A decision of the Spanish national appeals court ( Audiencia Nacional) dated 10 September 2012 consolidates the new structure of collective bargaining approved by the Spanish Labour Reform Act.
The decision confirms the primacy of the plant-level CBA over the sector-wide CBA in respect of regulations governing salaries and other basic labour conditions, as provided by law.
The Court was requested to enter a judgment on the lawfulness of certain clauses of the recent V National Collective Bargaining Agreement for the Cement Products Sector, signed on 21 February 2012, which had been challenged by the Employment Authorities.
Indeed, articles 3, 34 and 41 of the CBA established restrictions to the sector’s plant-level CBAs and gave priority to regulations agreed at a regional level on issues concerning (i) minimum salaries, remuneration and economic structure, and (ii) any other conditions of employment, except those expressly reserved to plant-level collective bargaining.
However, these clauses did not seem consistent with the wording of article 84.2 of the Spanish Workers’ Statute provided by the new Labour Reform Act, which entered into force on 12 February 2012. That new wording gave specific priority to plant-level CBAs over sector-specific CBAs in respect of basic labour conditions, such as salaries, overtime, shifts, working time, professional classifications, employment contract types, mediation and any other condition that sector CBAs might establish.
The Spanish Audiencia Nacional found that, regardless of the moment it is signed, a CBA must comply with the provisions of the Labour Reform Act up from 12 February 2012, following the prevailing regulation hierarchy of the Spanish legal system.

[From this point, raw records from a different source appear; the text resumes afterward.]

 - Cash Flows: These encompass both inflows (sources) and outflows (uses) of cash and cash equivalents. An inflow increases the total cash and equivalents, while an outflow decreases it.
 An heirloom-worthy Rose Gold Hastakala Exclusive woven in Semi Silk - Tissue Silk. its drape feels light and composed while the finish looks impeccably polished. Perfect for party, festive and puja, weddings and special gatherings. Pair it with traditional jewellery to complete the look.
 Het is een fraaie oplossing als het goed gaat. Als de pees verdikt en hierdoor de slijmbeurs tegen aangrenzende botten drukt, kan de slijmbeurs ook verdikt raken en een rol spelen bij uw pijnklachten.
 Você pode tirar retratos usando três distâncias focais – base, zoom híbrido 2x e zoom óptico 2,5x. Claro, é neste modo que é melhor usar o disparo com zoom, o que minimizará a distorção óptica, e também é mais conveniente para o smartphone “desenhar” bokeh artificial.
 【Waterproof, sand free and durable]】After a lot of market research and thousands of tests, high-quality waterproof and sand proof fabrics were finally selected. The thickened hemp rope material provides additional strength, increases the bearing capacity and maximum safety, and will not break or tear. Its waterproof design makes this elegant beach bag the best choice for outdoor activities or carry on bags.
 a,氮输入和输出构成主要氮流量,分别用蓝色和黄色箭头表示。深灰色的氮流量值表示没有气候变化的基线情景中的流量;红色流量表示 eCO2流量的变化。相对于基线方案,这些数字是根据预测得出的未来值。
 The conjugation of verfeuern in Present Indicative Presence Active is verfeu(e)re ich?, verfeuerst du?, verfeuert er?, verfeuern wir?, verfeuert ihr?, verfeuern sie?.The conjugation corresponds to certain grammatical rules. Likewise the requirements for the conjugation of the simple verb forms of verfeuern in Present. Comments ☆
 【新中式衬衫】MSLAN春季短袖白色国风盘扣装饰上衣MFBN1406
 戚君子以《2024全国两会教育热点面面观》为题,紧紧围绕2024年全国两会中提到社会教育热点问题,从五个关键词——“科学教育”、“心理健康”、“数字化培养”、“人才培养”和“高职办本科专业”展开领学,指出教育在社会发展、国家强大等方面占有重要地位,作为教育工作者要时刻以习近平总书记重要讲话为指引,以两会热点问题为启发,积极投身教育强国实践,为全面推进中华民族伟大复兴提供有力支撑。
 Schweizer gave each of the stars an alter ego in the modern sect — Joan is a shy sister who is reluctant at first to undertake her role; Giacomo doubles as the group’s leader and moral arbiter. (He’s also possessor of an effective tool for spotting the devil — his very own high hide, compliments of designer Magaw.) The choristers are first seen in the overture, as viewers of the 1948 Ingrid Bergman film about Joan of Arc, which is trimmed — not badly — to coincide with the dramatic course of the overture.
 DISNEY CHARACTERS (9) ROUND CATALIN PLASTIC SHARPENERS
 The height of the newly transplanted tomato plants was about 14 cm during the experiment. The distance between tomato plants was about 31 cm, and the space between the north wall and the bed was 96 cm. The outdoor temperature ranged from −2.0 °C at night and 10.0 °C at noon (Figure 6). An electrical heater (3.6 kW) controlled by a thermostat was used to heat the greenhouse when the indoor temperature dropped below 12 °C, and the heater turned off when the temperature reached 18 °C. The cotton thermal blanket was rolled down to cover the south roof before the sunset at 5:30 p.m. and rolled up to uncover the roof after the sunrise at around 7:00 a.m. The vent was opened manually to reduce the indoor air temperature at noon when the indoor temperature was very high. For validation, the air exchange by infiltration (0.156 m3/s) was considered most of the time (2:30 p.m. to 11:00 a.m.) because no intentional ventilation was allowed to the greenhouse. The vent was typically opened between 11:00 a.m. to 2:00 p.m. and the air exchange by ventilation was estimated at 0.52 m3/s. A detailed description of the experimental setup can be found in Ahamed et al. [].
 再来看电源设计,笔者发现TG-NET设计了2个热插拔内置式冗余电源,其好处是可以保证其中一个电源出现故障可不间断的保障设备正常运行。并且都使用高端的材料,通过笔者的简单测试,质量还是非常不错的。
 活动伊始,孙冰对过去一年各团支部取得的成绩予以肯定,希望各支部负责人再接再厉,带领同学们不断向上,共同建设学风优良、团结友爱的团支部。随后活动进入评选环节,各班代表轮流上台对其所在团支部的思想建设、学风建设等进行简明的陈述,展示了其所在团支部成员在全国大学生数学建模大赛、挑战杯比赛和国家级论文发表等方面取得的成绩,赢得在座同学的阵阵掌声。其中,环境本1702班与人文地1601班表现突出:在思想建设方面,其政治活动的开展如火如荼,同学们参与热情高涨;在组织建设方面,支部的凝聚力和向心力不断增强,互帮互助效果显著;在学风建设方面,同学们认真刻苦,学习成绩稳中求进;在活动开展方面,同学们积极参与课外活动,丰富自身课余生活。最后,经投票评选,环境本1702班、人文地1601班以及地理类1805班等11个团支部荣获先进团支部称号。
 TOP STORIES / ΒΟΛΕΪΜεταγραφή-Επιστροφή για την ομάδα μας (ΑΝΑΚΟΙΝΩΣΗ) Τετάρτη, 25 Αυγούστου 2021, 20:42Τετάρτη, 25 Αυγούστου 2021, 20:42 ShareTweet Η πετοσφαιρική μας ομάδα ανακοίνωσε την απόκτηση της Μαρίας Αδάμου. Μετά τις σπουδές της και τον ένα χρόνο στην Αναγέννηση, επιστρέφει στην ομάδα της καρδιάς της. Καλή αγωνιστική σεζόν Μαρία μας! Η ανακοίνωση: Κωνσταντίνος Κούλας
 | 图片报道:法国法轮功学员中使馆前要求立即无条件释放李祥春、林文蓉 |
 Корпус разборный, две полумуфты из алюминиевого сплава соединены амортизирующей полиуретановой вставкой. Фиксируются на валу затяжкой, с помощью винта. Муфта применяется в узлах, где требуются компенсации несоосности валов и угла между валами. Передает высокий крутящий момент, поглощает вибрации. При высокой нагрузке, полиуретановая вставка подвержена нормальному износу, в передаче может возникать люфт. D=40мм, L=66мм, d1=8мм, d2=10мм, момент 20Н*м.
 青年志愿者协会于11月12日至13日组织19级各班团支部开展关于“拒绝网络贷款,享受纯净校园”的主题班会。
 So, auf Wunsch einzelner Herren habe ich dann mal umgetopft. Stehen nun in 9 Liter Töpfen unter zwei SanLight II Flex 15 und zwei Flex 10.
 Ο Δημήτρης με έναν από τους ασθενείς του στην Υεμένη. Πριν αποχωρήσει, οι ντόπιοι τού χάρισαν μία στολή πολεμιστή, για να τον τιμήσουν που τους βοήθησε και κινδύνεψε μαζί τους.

That court then went on to state that sector-specific CBAs cannot force plant-level CBAs to set particular minimum salaries for the workers affected by them. As a result, the affected clauses of sector-specific CBAs are declared null and void.
Certainly, the new collective bargaining structure introduced by the Labour Reform raises an on-going debate on whether or not collective bargaining and trade union freedom are being breached as constitutional liberties. However, there remains no doubt that this decision confirms a definite shift in the structure that has existed up to now, with the conditions established in plant-level CBAs being priority over regional or national CBAs.